Exercise requirements = Word for word, print out all of the data, omitting every image.

Dataset section =
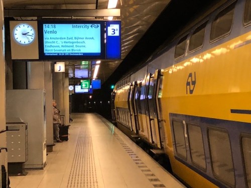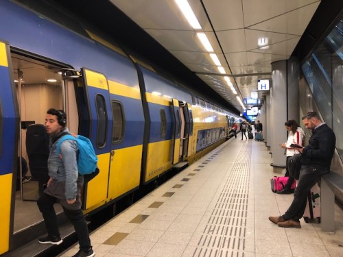 Passengers boarding or waiting at the platform of Schipol station
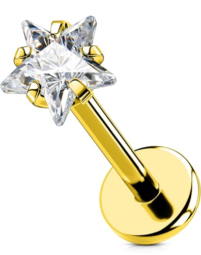 AVYRING Tragusörhängen, 16 g 6 mm 8 mm silver guld rostfritt stål läppstång trådlös läppstift set med stjärna, fjäril, måne, hjärta CZ brosk labret helix piercing smycken, Rostfritt stål
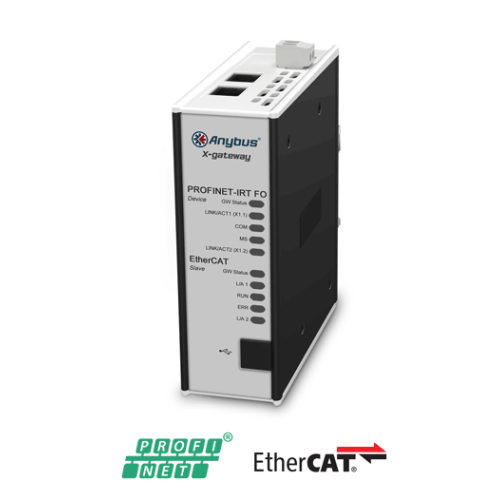 Anybus X-gateway – EtherCAT Slave - PROFINET-IRT FO DeviceThe Anybus X-gateway allows you to seamlessly inter-connect PLC control systems and their connected devices between EtherCAT and PROFINET-IRT Fiber Optic networks.
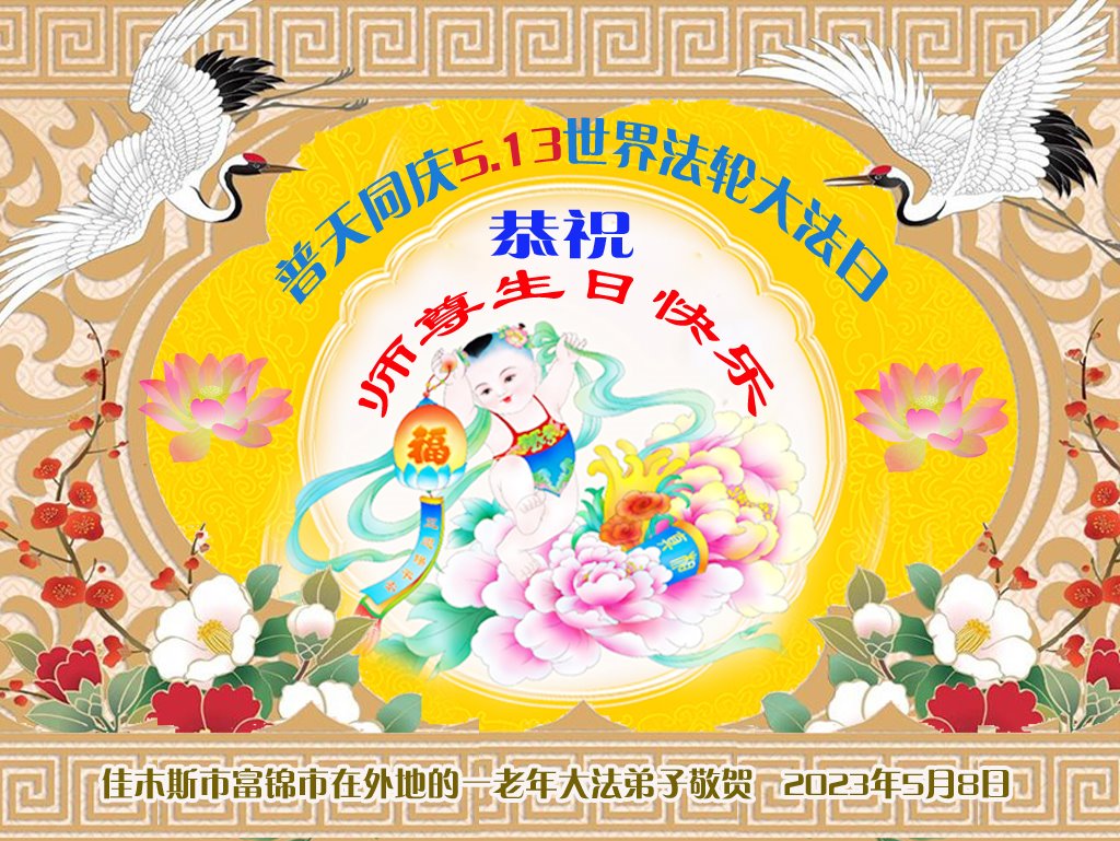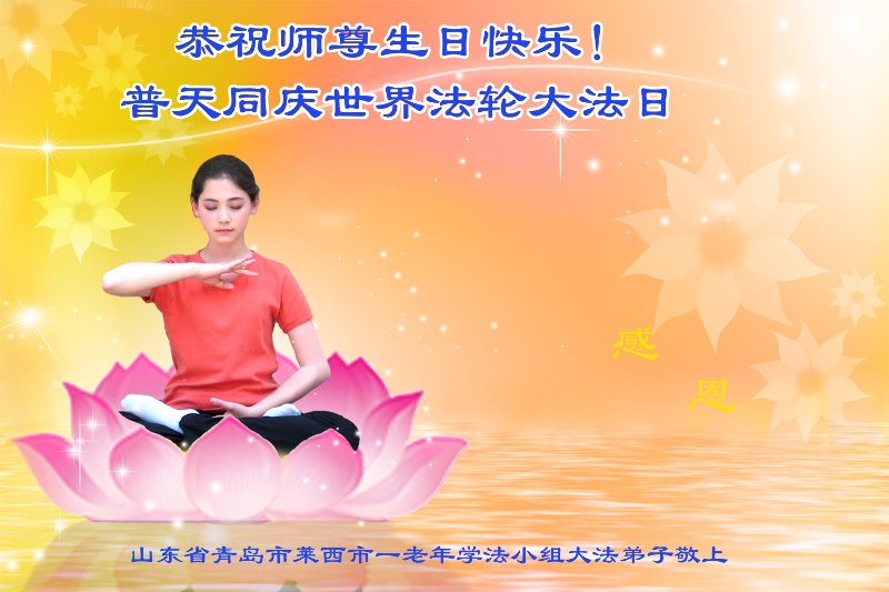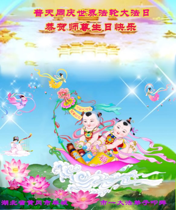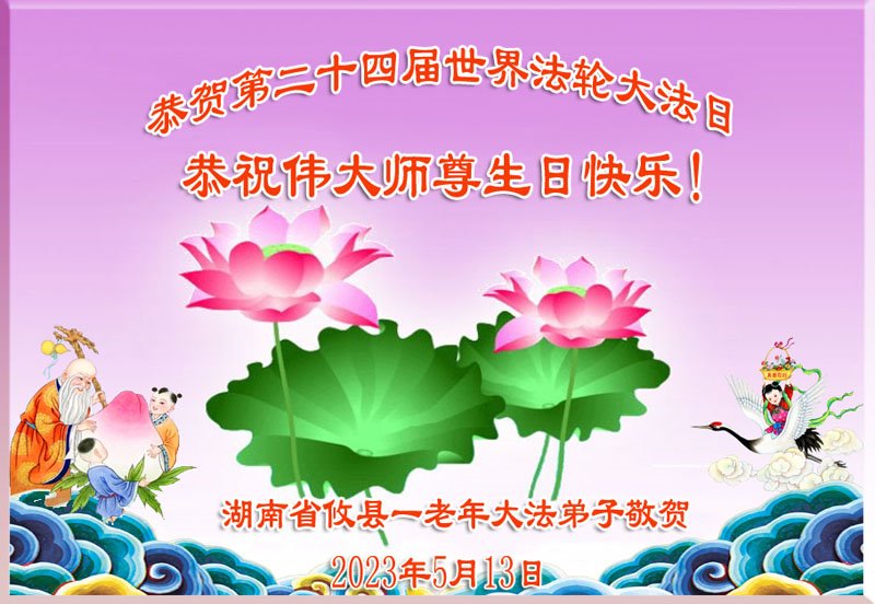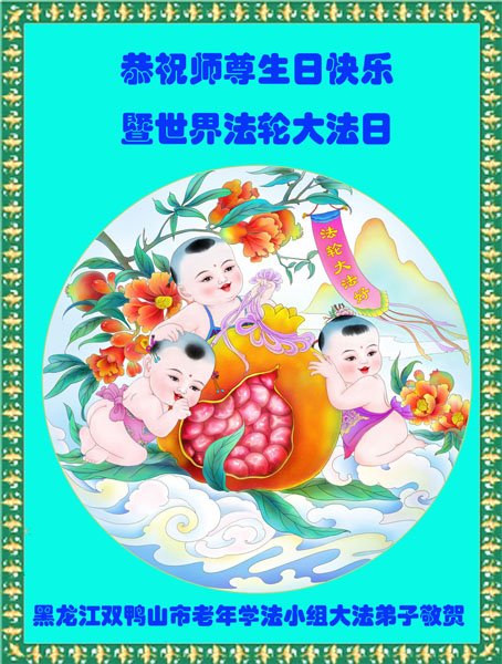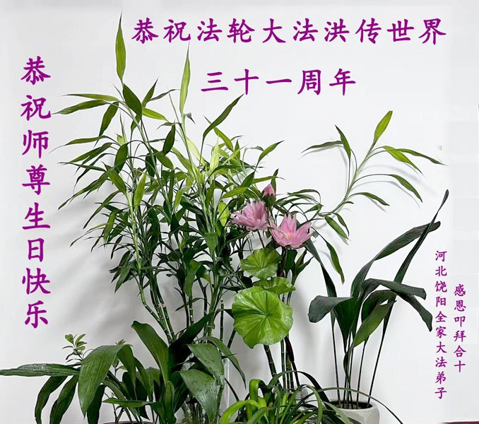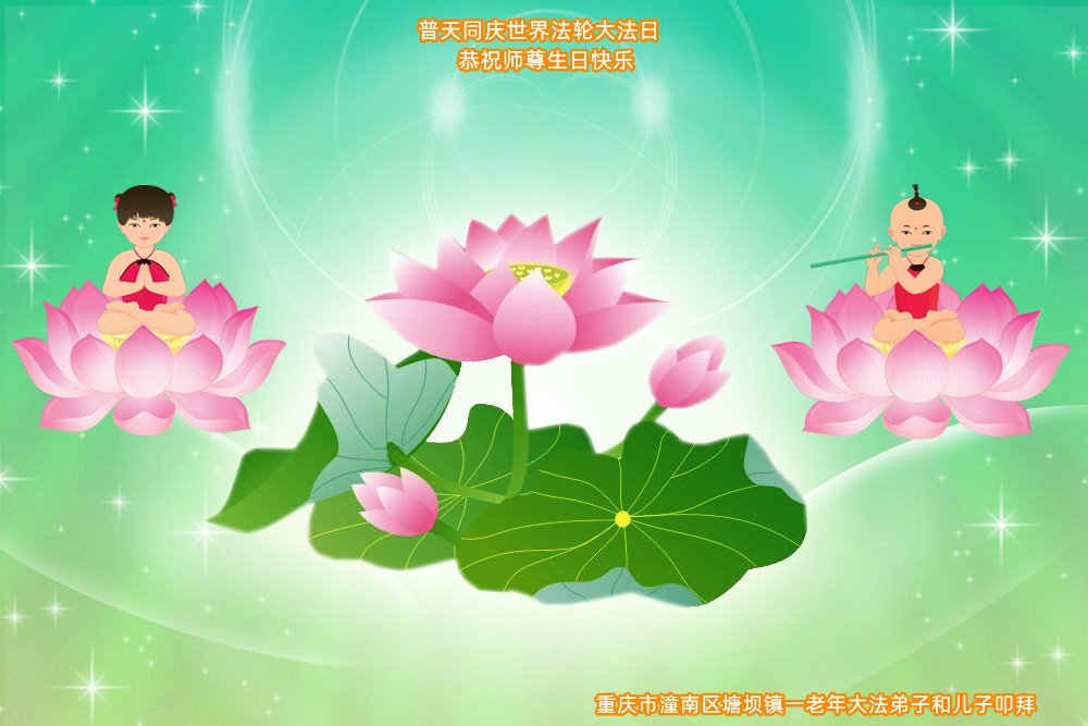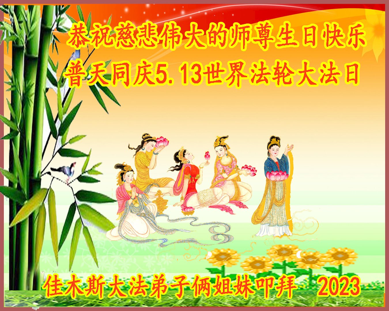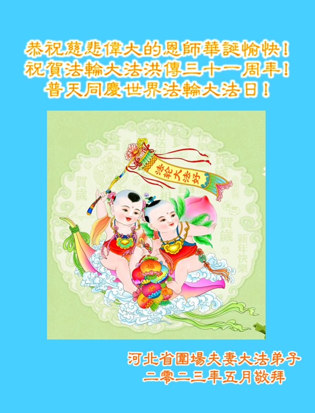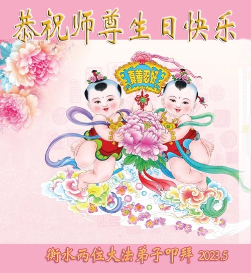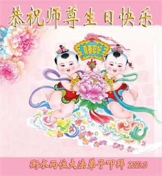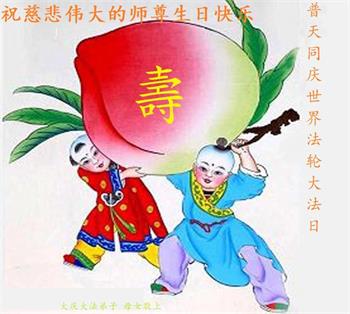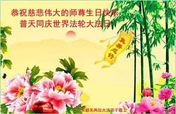 在普天同庆世界法轮大法日的殊胜日子里,我们俩老年大法弟子真诚的问声:师尊好!恭祝师尊生日快乐!感恩师尊慈悲救度!

Answer for this exercise =
 Passengers boarding or waiting at the platform of Schipol station
 AVYRING Tragusörhängen, 16 g 6 mm 8 mm silver guld rostfritt stål läppstång trådlös läppstift set med stjärna, fjäril, måne, hjärta CZ brosk labret helix piercing smycken, Rostfritt stål
 Anybus X-gateway – EtherCAT Slave - PROFINET-IRT FO DeviceThe Anybus X-gateway allows you to seamlessly inter-connect PLC control systems and their connected devices between EtherCAT and PROFINET-IRT Fiber Optic networks.
 在普天同庆世界法轮大法日的殊胜日子里,我们俩老年大法弟子真诚的问声:师尊好!恭祝师尊生日快乐!感恩师尊慈悲救度!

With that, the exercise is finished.